From: Rafael J. Wysocki
Date: Thu May 19 2016 - 17:16:05 EST


On Thu, May 19, 2016 at 9:46 PM, Steve Muckle <steve.muckle@xxxxxxxxxx> wrote:
> On Thu, May 19, 2016 at 01:44:36AM +0200, Rafael J. Wysocki wrote:
>> On Mon, May 9, 2016 at 11:20 PM, Steve Muckle <steve.muckle@xxxxxxxxxx> wrote:
>> > The rate limit timestamp (last_freq_update_time) is currently advanced
>> > anytime schedutil re-evaluates the policy regardless of whether the CPU
>> > frequency is changed or not.
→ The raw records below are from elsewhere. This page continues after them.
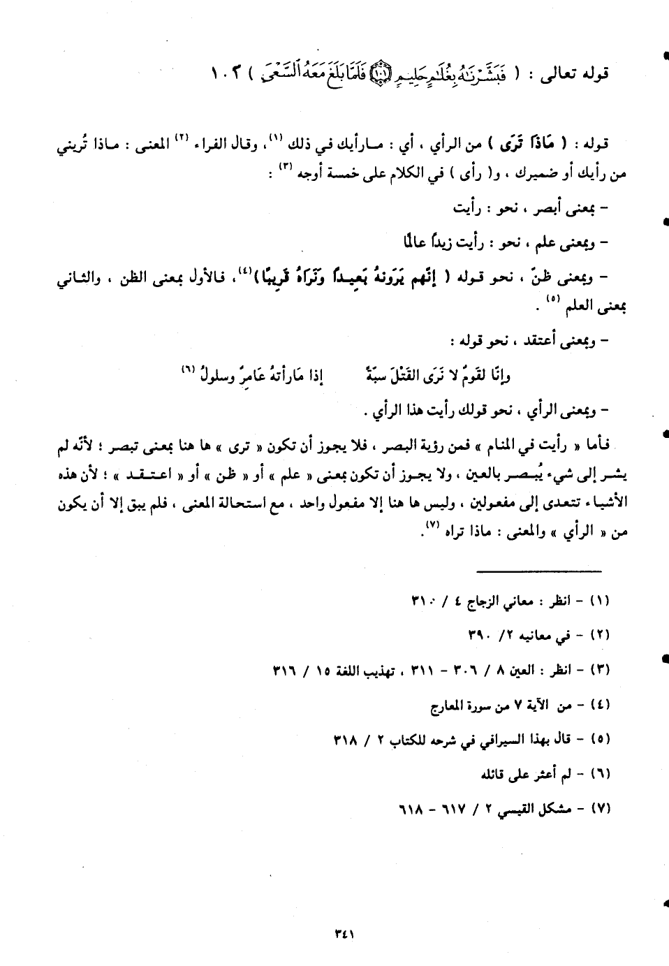 فأما " رأيت في المنام " فمن رؤية البصر، فلا يجوز أن تكون " ترى " هاهنا بمعنى تبصر؛ لأنَّه لم يشر إلى شيء يُبصر بالعين. ولا يجوز أن تكون بمعنى " علم " أو " ظن " أو " اعتقد "؛ لأنَّ هذه الأشياء تتعدى إلى مفعولين، وليس هاهنا إلا مفعول واحد، مع استحالة المعنى، فلم يبق إلا أن يكون من " الرأي " والمعنى: ماذا تراه.
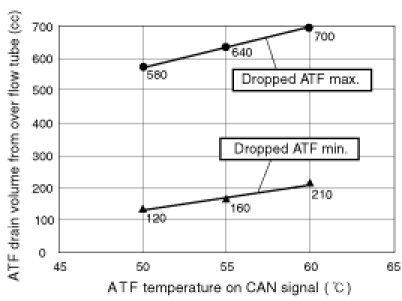 6. Oil level is correct if ATF drain volume is in the range in the figure below.
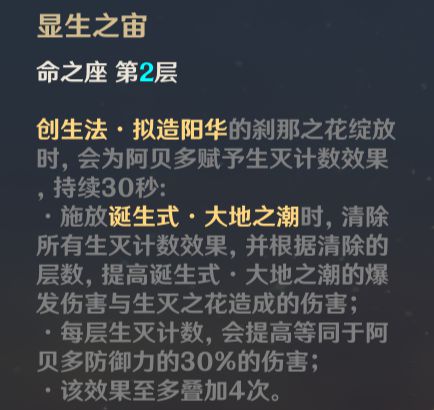 阿贝多的核心命座,拥有二命的阿贝多大招爆发伤害和生灭之花的伤害,也能和刹那之花一样吃到防御力的加成,提高了阿贝多的输出能力(加成的伤害可以享受到宗室2件套的增益)
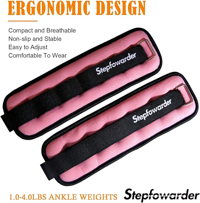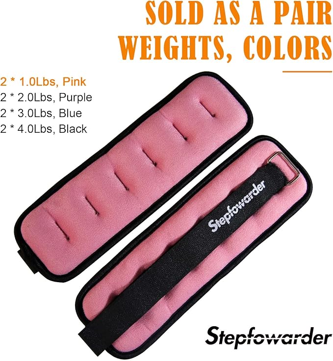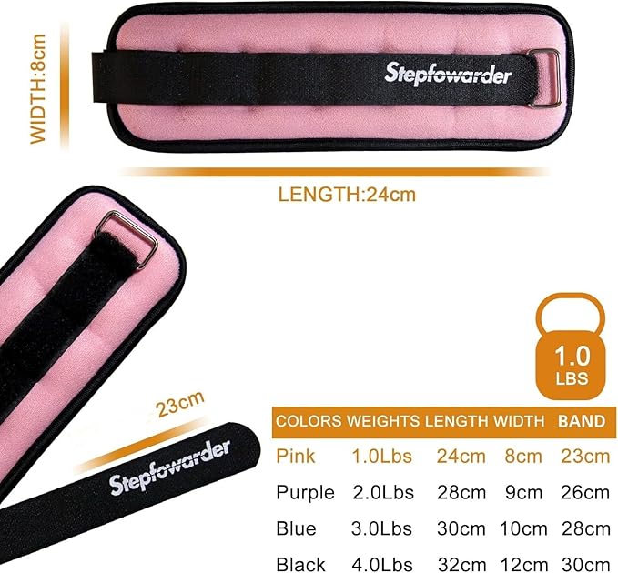 - 💪 Stepfowarder WEIGHTS: 2×1,0Lbs -pink, 2×2,0 Lbs-purple, 2×3,0 Lbs-blue, 2×4,0 Lbs-black, 4 weights & colors provide choices that suits your requirements, Please choose 1,0 Lbs for children, 1.0-2,0 Lbs for women and all weights for men.
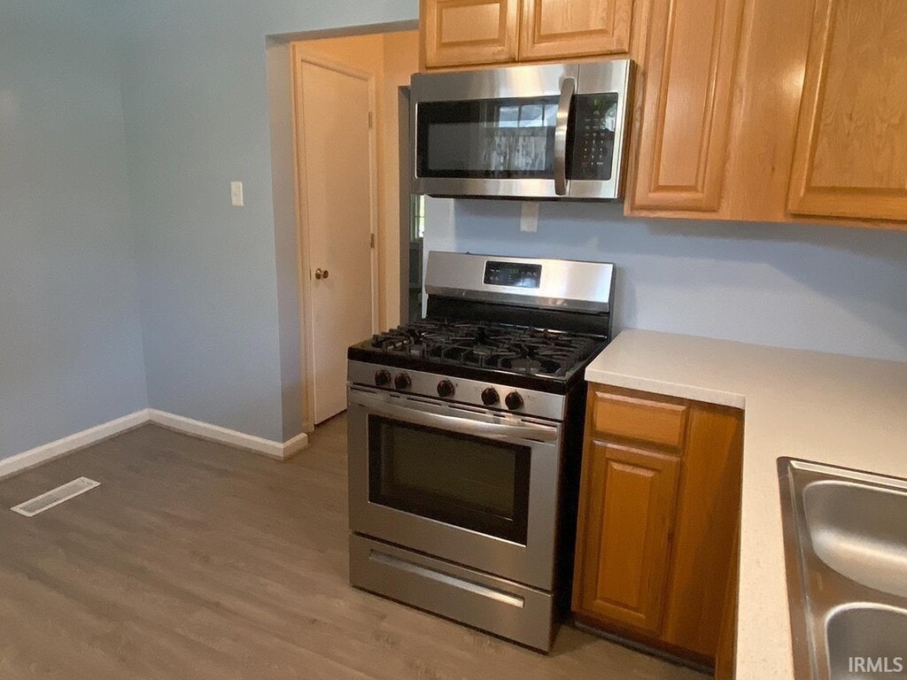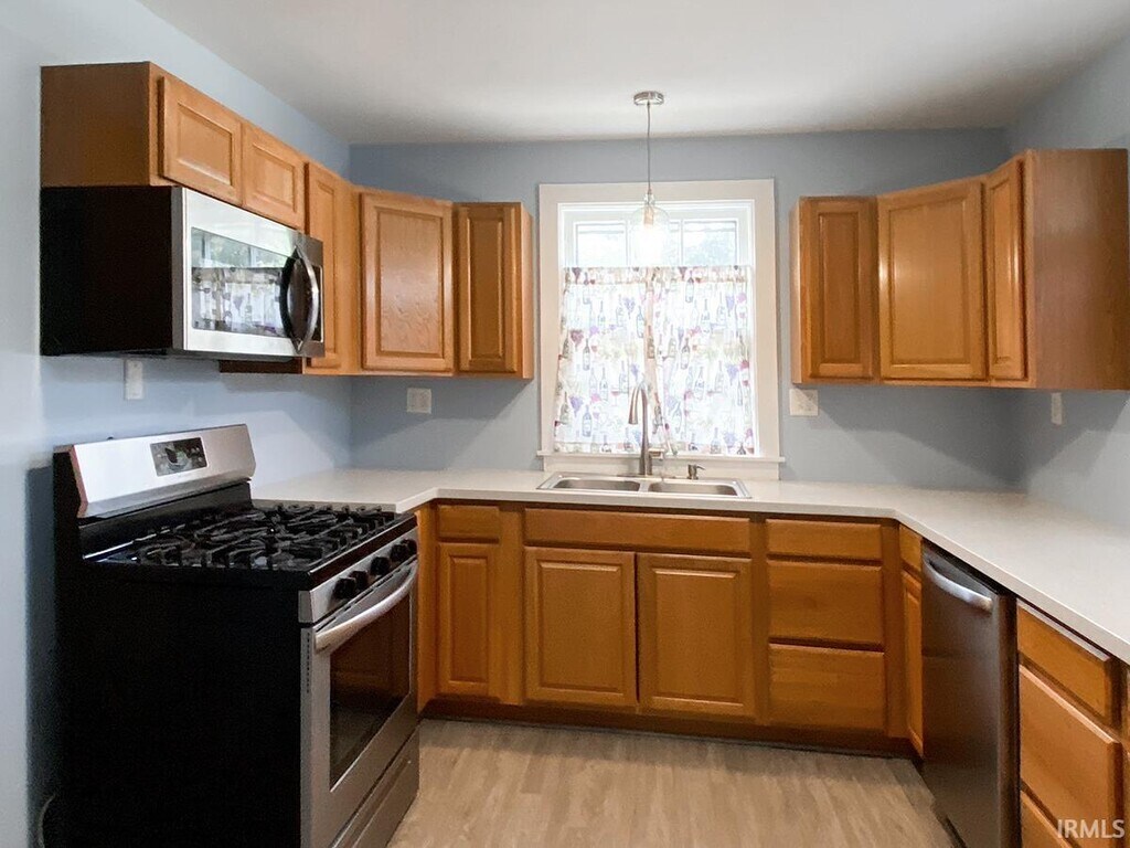 Large 3 bed 2 bath home is located close to Campus, Downtown, Kilroys Sports, and Upland Restaurant & Brewery. Updated kitchen with stainless steel appliances, newer flooring throughout, updated light fixtures, and modern decor. This home features a large dining room and living room along with a partially finished basement with washer and dryer and a large front porch! Driveway and oversized garage provide lots of off street parking. Lawncare included. Available August 2026
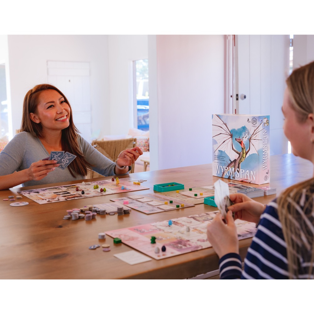 In Wyrmspan, fiecare jucator isi construieste propria retea de pesteri, atrage dragoni cu abilitati unice si declanseaza efecte in lant pentru a obtine puncte. Jocul pune accent pe optimizare, timing si sinergii intre carti, oferind o experienta satisfacatoare si rejucabila. Este un board game apreciat pentru echilibrul dintre accesibilitate si profunzime si face parte din categoria de jocuri de strategie.
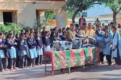 बालिका स्कूल में 550 छात्राओं को मिला गरम स्वेटर, बेटियों के खिले चेहरे
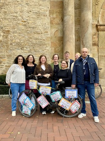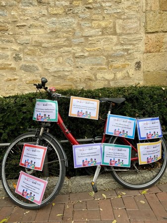 Vier Tage lang verwandeln wir gemeinsam zentrale Orte in der Osnabrücker Innenstadt in eine ungewöhnliche Ausstellungsfläche. Fahrräder werden zu Blickfängen und Erzählflächen – ausgestattet mit laminierten Schildern, die Einblicke in unsere Arbeit geben.
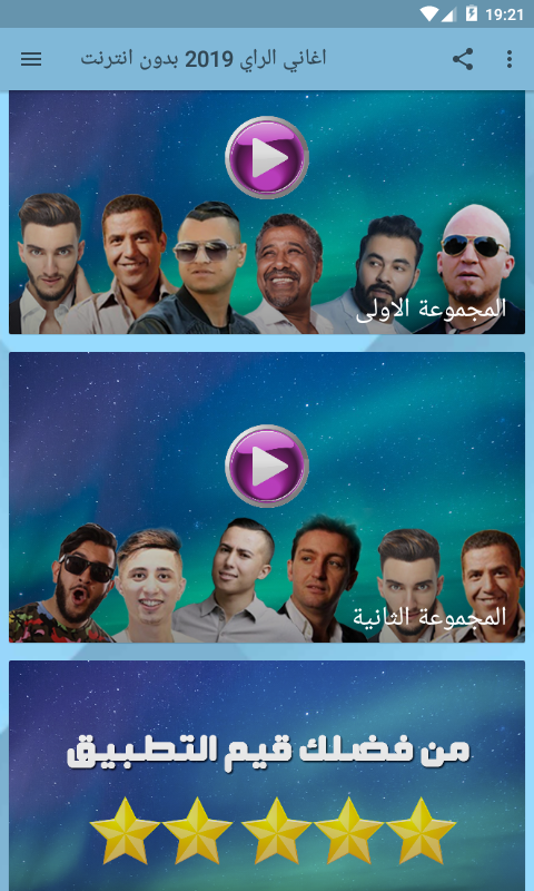 اغاني الراي بدون انترنيت هو برنامج يقدم لكم اغاني راي مغربية واغاني جزائرية راي بدون انترنت ومغربية تونسية لأهم واشهر الفنانين ويضم ويحتوي أيضا على ما يلي جديد اغاني الراي بدون نت, اغاني الراي متنوعة مغربية واظافة الى كل ذلك فالتطبيق يضم اغاني الراي القديم كوكتال واغاني الراي حزينة شعبي عروبي بدون انترنت.

This means that utilization updates which
>> > have no effect can cause much more significant utilization updates
>> > (which require a large increase or decrease in CPU frequency) to be
>> > delayed due to rate limiting.
>> >
>> > Instead only update the rate limiting timstamp when the requested
>> > target-supported frequency changes. The rate limit will now apply to
>> > the rate of CPU frequency changes rather than the rate of
>> > re-evaluations of the policy frequency.
>> >
>> > Signed-off-by: Steve Muckle <smuckle@xxxxxxxxxx>
>>
>> I'm sort of divided here to be honest.
>
> It is true that this means we'll do more frequency re-evaluations, they
> will occur until an actual frequency change is requested.
>
> But the way it stands now, with a system's typical background activity
> there are so many minor events that it is very common for throttling to
> be in effect, causing major events to be ignored.
>>
>> > ---
>> > kernel/sched/cpufreq_schedutil.c | 3 +--
>> > 1 file changed, 1 insertion(+), 2 deletions(-)
>> >
>> > diff --git a/kernel/sched/cpufreq_schedutil.c b/kernel/sched/cpufreq_schedutil.c
>> > index e185075fcb5c..4d2907c8a142 100644
>> > --- a/kernel/sched/cpufreq_schedutil.c
>> > +++ b/kernel/sched/cpufreq_schedutil.c
>> > @@ -117,12 +117,11 @@ static void sugov_update_commit(struct sugov_cpu *sg_cpu, int cpu, u64 time,
>> > struct sugov_policy *sg_policy = sg_cpu->sg_policy;
>> > struct cpufreq_policy *policy = sg_policy->policy;
>> >
>> > - sg_policy->last_freq_update_time = time;
>> > -
>> > if (sg_policy->next_freq == next_freq) {
>> > trace_cpu_frequency(policy->cur, cpu);
>>
>> You should at least rate limit the trace_cpu_frequency() thing here if
>> you don't want to advance the last update time I think, or you may
>> easily end up with the trace buffer flooded by irrelevant stuff.
>
> Going back to the reason this tracepoint exists, is it known why
> powertop thinks the CPU is idle when this tracepoint is removed? Maybe
> it's possible to get rid of this tracepoint altogether.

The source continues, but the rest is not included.